Le 29/07/2010 20:07, Simonson, Lucanus J wrote:
> Your interface seems a little off to me, not what I was expecting.

I have to agree, and add more to that.

What a spatial index does is fairly simple (to the user). Its interface
should be the same as that of std::multiset, but instead of using
operator<, it should use intersection (which, like std::multiset, should
have a default but be changeable to an arbitrary function object).
You're going to want to change std::multiset<T>::find slightly to allow
arbitrary types, not just T (often considered an arbitrary limitation
and defect by people), and to return a range instead of an iterator; and
you might want to lazily evaluate that range as well, hence providing
the incremental search you put on your to-do list.

The default intersection function would obviously be a generic one from
Geometry.
I'm not sure Geometry has such a generic intersection function; but if
it doesn't, that where it needs to be.

Volume queries, ray queries etc. don't need anything special.
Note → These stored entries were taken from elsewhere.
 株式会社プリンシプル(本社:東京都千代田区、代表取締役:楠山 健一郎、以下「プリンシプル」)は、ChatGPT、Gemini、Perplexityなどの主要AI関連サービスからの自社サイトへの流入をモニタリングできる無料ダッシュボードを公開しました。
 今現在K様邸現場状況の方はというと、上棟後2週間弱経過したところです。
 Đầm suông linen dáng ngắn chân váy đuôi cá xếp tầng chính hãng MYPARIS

They
should work with the generic intersection function just like the rest,
no need to special case anything.

There is no need to introduce any new point/object concept, nor new nD
containers. The spatial index should assume the very least information
it needs in order to be truly generic.

All the implementation details you might need should be in Geometry, and
the default intersection function should be from Geometry as well (if
they're not, that's where they should be anyway), so I don't see why you
would want to make it a separate library, except out of craziness.
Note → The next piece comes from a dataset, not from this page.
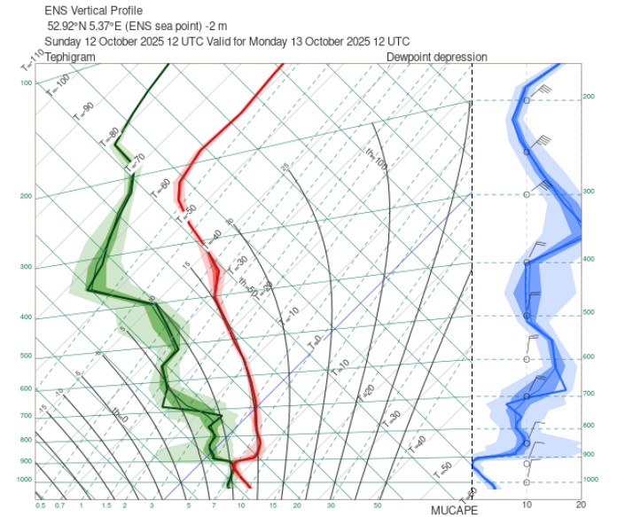 De GWL die vandaag, 13 oktober 2025, bepalend is heet NWA (of NWa): een anticyclonale NW-circulatie. Rondom een groot hogedrukgebied boven Engeland (zowel in de bovenlucht als aan de grond, zie Fig. 1) stroomt maritiem polaire lucht met een grote boog vanaf de Atlantische Oceaan naar het zeegebied ten noorden van Schotland (Fig. 2) en vandaar naar het zuiden over de Noordzee naar ons land. Onderweg pikt de lucht veel vocht op, en dat vocht kan niet ontsnappen doordat dalende bewegingen nabij het hoog zorgen voor een subsidentie-inversie. Dit alles zien we duidelijk terug in Fig. 3 en 4. Een NWA is bepaald niet zeldzaam, zoals we zien op de site van fotomedia.ch. Op diezelfde site zien we ook een voorbeeld van de Grosswetterlage HB, Hoch Britische Inseln. De huidige weerkaart zou je dus ook kunnen toewijzen aan een HB, al komt HB in oktober niet vaak voor.

Dynamic typing should not be the responsability of the index, so it
should work with objects of type T, not pointers, and let the user deal
with polymorphism, if he needs it, by instantiating the index with smart
pointers or type erasure types.
Memory allocation is purely dealt with by the allocator, so seeing "use
of pool allocators" in the to-do list worries me.

I would also like to see an intrusive version of the index, that doesn't
do any memory allocation. The non-intrusive version can be built on top
of the intrusive one, but the opposite isn't possible.

So my opinion is that the whole design is done utterly wrong at the moment.
I personally won't consider using it or promoting unless it is exactly
as I described (intrusive support is optional).